Supplied material:
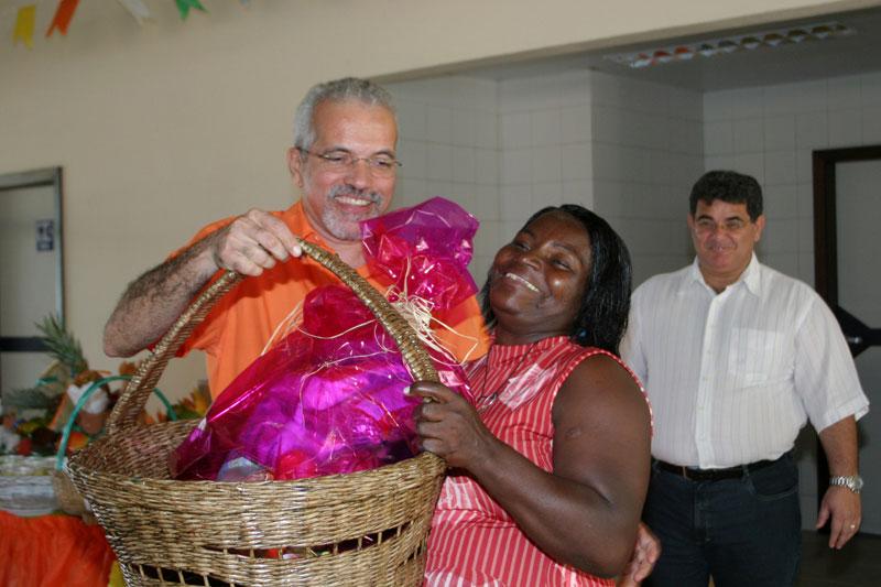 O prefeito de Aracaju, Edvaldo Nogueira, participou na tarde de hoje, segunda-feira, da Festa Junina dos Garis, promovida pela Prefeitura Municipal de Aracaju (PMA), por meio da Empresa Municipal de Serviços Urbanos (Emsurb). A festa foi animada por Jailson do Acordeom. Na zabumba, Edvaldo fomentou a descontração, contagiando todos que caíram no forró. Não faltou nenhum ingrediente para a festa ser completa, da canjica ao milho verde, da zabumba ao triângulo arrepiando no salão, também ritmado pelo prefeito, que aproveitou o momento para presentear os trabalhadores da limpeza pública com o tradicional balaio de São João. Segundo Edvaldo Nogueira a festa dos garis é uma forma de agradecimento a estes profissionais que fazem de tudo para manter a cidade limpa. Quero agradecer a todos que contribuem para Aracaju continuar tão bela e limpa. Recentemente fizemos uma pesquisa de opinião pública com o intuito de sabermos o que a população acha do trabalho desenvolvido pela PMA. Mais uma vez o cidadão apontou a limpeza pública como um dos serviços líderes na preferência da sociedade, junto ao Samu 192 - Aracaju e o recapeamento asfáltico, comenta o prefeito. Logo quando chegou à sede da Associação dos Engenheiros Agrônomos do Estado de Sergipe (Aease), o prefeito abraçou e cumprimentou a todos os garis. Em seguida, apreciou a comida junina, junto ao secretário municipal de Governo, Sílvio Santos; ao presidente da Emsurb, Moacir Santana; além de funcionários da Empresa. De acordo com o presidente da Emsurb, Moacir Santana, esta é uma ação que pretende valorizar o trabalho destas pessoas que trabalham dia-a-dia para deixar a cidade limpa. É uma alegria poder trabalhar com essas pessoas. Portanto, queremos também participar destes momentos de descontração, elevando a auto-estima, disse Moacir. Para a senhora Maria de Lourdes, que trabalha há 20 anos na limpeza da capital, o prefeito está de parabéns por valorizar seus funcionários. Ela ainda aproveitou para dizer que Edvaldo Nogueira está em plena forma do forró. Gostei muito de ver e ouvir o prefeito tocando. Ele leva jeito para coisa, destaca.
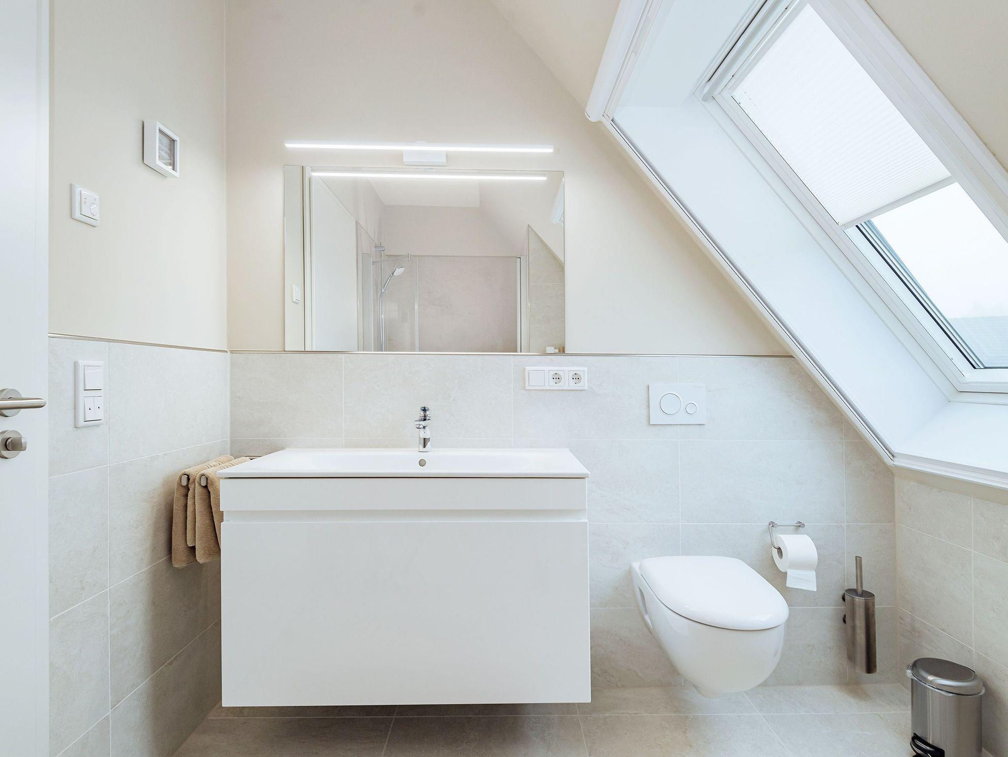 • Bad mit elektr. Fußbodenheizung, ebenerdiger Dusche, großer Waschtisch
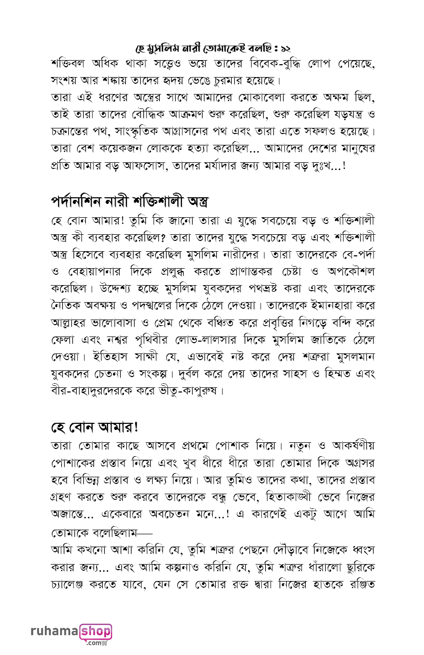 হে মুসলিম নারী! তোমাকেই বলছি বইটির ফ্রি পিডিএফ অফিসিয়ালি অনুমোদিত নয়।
==
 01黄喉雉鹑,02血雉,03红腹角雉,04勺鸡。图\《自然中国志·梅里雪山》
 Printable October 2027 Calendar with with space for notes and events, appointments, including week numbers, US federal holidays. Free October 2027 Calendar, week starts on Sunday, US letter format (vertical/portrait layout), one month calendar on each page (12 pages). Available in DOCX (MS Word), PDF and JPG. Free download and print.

Problem requirements:
Scan the records above for the lines holding "01黄喉雉鹑,02血雉,03红腹角雉,04勺鸡。图\《自然中国志·梅里雪山》" and "Printable October 2027". Transcribe those two and every line between them word for word, and no others.

Exercise result:
 01黄喉雉鹑,02血雉,03红腹角雉,04勺鸡。图\《自然中国志·梅里雪山》
 Printable October 2027 Calendar with with space for notes and events, appointments, including week numbers, US federal holidays. Free October 2027 Calendar, week starts on Sunday, US letter format (vertical/portrait layout), one month calendar on each page (12 pages). Available in DOCX (MS Word), PDF and JPG. Free download and print.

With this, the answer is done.